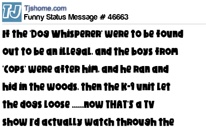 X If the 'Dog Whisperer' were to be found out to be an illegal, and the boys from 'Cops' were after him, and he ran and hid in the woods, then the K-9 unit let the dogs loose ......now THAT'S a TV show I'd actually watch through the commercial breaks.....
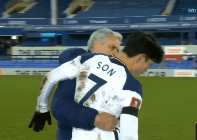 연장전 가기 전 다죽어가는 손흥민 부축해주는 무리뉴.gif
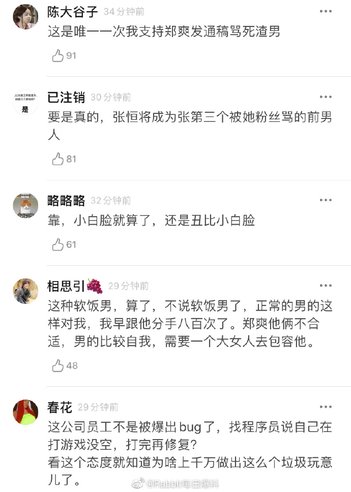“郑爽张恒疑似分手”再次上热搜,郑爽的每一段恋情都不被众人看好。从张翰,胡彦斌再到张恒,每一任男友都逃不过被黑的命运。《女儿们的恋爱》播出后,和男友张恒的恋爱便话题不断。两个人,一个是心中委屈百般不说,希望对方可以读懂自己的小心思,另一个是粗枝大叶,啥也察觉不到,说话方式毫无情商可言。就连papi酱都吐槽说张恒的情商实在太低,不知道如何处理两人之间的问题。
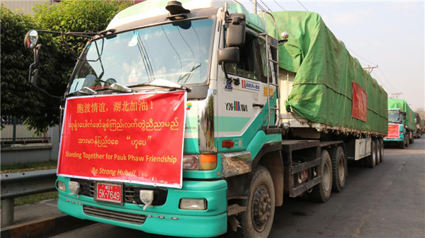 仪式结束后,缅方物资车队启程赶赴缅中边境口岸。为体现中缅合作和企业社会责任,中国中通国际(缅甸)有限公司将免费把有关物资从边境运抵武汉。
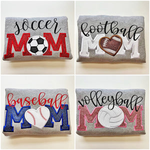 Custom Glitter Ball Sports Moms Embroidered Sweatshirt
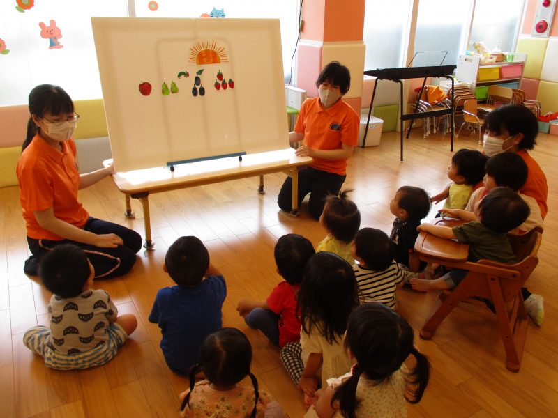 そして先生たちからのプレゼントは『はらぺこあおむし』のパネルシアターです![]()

--

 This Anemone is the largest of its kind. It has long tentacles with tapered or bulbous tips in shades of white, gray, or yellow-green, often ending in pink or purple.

--

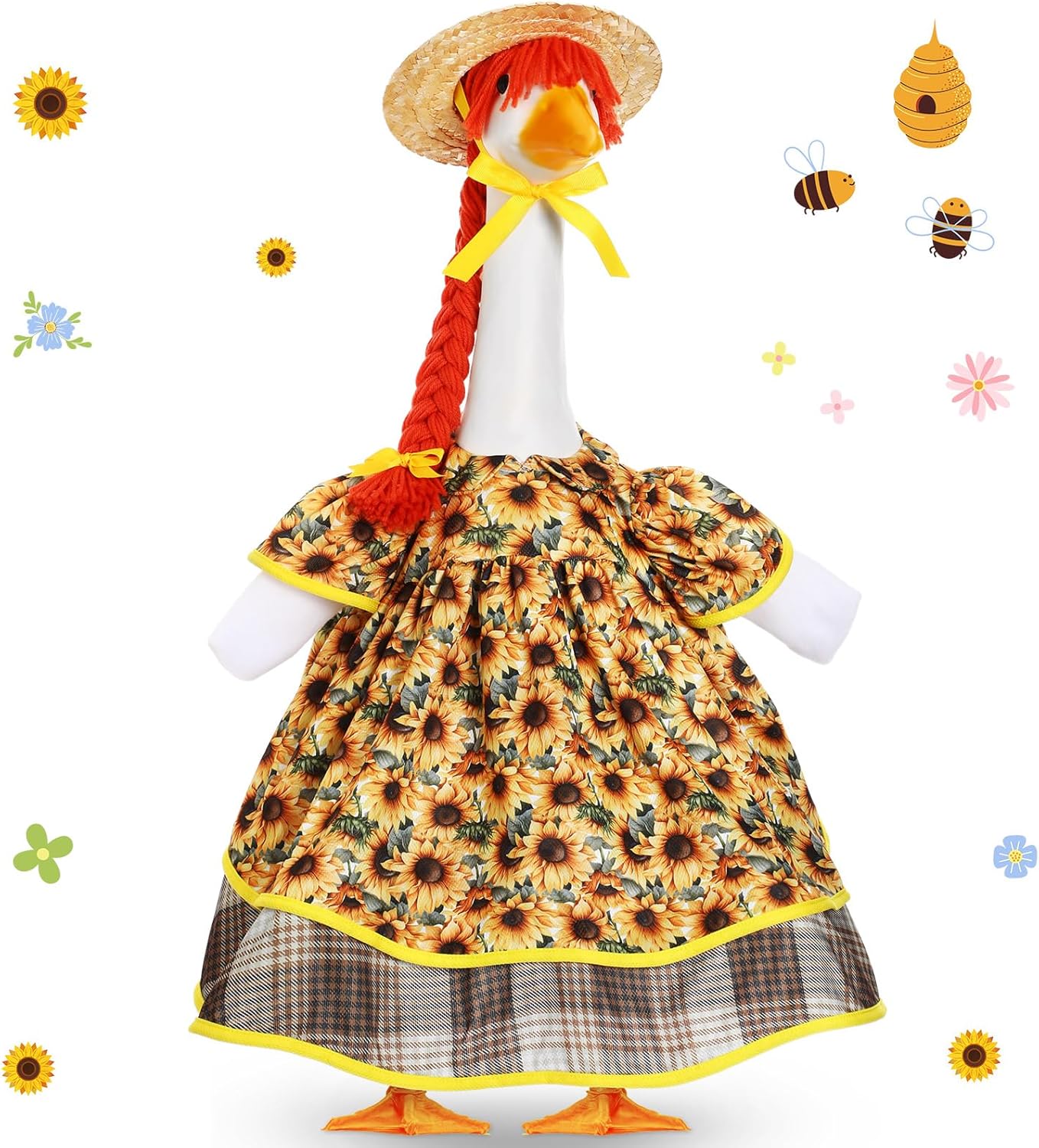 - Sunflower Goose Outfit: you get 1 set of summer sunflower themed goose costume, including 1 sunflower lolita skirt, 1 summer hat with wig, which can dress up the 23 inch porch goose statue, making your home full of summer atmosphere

Task brief
Using the data above, retype exactly and only the lines from the one containing "X If the 'Dog" up to and including the one containing "そして先生たちからのプレゼン", with no pictures carried over.

Exercise result
 X If the 'Dog Whisperer' were to be found out to be an illegal, and the boys from 'Cops' were after him, and he ran and hid in the woods, then the K-9 unit let the dogs loose ......now THAT'S a TV show I'd actually watch through the commercial breaks.....
 연장전 가기 전 다죽어가는 손흥민 부축해주는 무리뉴.gif
“郑爽张恒疑似分手”再次上热搜,郑爽的每一段恋情都不被众人看好。从张翰,胡彦斌再到张恒,每一任男友都逃不过被黑的命运。《女儿们的恋爱》播出后,和男友张恒的恋爱便话题不断。两个人,一个是心中委屈百般不说,希望对方可以读懂自己的小心思,另一个是粗枝大叶,啥也察觉不到,说话方式毫无情商可言。就连papi酱都吐槽说张恒的情商实在太低,不知道如何处理两人之间的问题。
 仪式结束后,缅方物资车队启程赶赴缅中边境口岸。为体现中缅合作和企业社会责任,中国中通国际(缅甸)有限公司将免费把有关物资从边境运抵武汉。
 Custom Glitter Ball Sports Moms Embroidered Sweatshirt
 そして先生たちからのプレゼントは『はらぺこあおむし』のパネルシアターです![]()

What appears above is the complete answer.